Enfin, des analyses des résidus seront également menées, afin d’identifier de potentielles valeurs extrêmes dans les observations, celles-ci étant reconnues comme pouvant influencer fortement les résultats des analyses de régression (Tabachnick & Fidell, 2007).

Cette section a présenté les processus de décision ayant mené au choix des tests statistiques permettant de vérifier les hypothèses de recherche. En résumé, il a été décidé, pour la première hypothèse, de mener une analyse de variance à mesures répétées et, pour la seconde hypothèse, une analyse de régression multiple. Les conditions exigées par ces tests paramétriques71 (distribution normale, homogénéité des variances) ont été contrôlées systématiquement (Eagly & Chaiken, 1993) et corrigées lorsque cela était nécessaire. Les résultats de ces tests sont présentés dans la section suivante.

70Ces variables sont : le sentiment de compétence perçu à enseigner à des élèves avec des besoins éducatifs particuliers,

l’expérience de l’intégration scolaire, la formation continue dans le domaine du handicap et/ou de l’intégration scolaire et l’expérience du contact avec des personnes en situation de handicap en dehors du contexte professionnel.

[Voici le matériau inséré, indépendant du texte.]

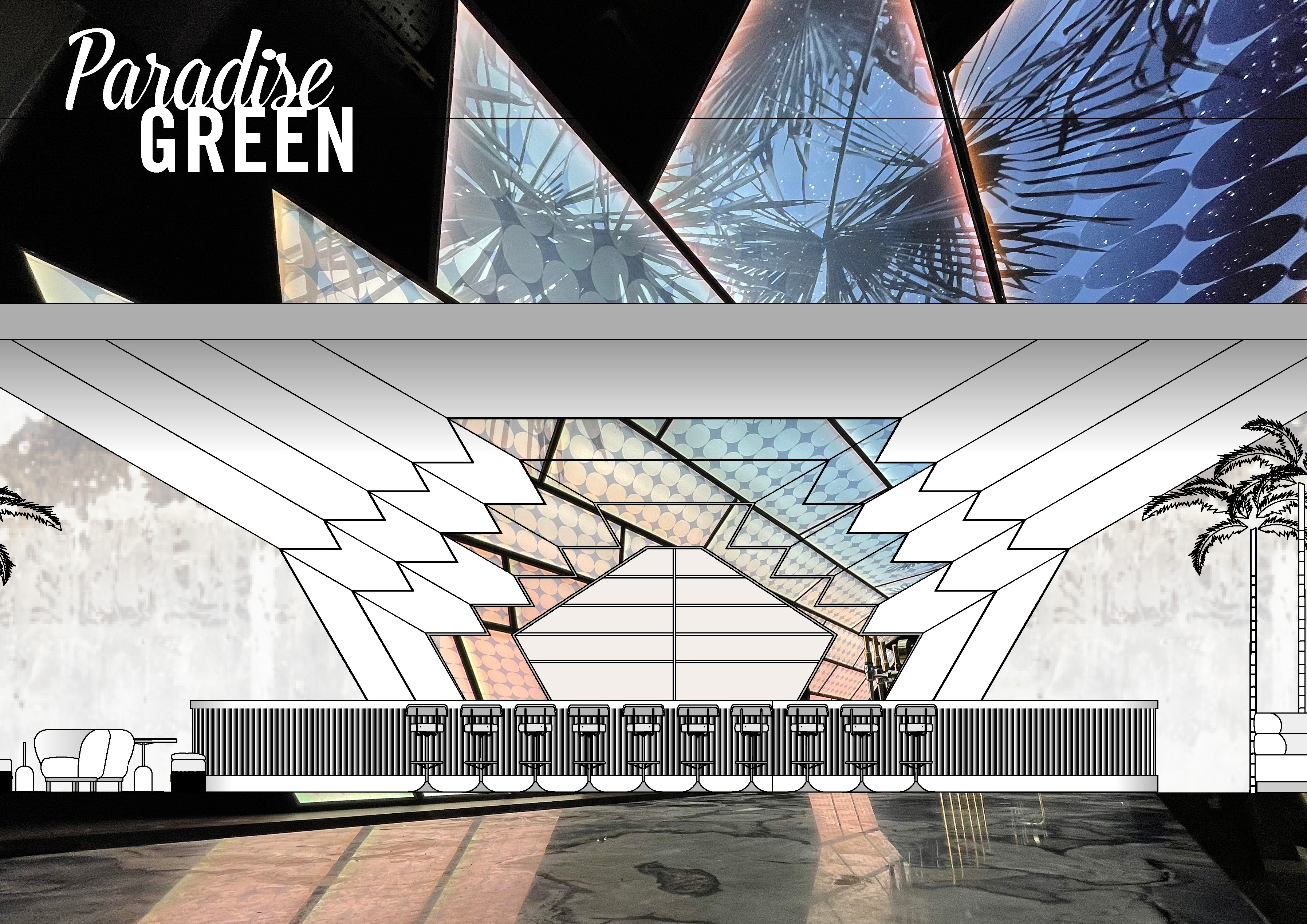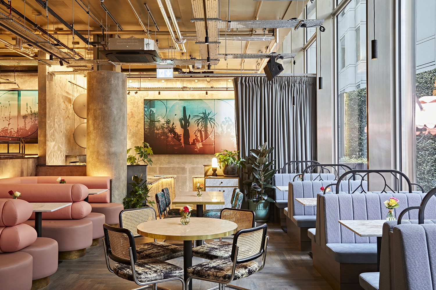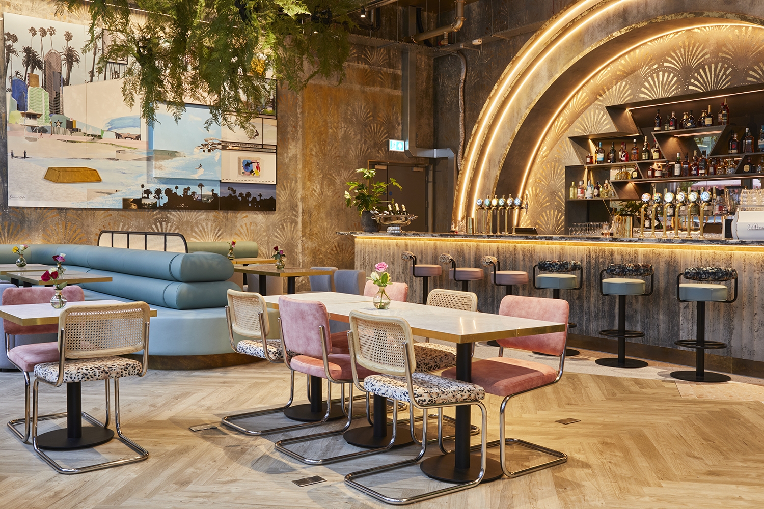 Paradise Green is an epic venue in London City: with 3 bar/restaurants and truly immersive art. ‘Sunrise’ and ‘Sunset’ have distinct entrances and personalities; paying homage to the golden beach mornings and sultry nights of Surfers Paradise in Australia. 'Sunrise' is sun-drenched Deco-fabulous gold. 'Sunset' channels 80s electric sundown vibes. They’re connected by a 3,000 sq foot mezzanine with buzzy kitchen, private bar and a PDR encapsulated in a Bank Heist installation by Lucy Sparrow, formerly shown at the Saatchi Art Gallery.

71En se basant sur les résultats de Davison et Sharma (1990), Eagly et Chaiken (1993) notent que des tests paramétriques

peuvent être employés pour autant que la variable dépendante soit mesurée sur un niveau ordinal continu qui augmente de manière monotone, ce qui est le cas des échelles de mesure de type Likert de l’ORI et de l’ATIES, ainsi que celle mesurant le sentiment de compétence perçu (variable indépendante).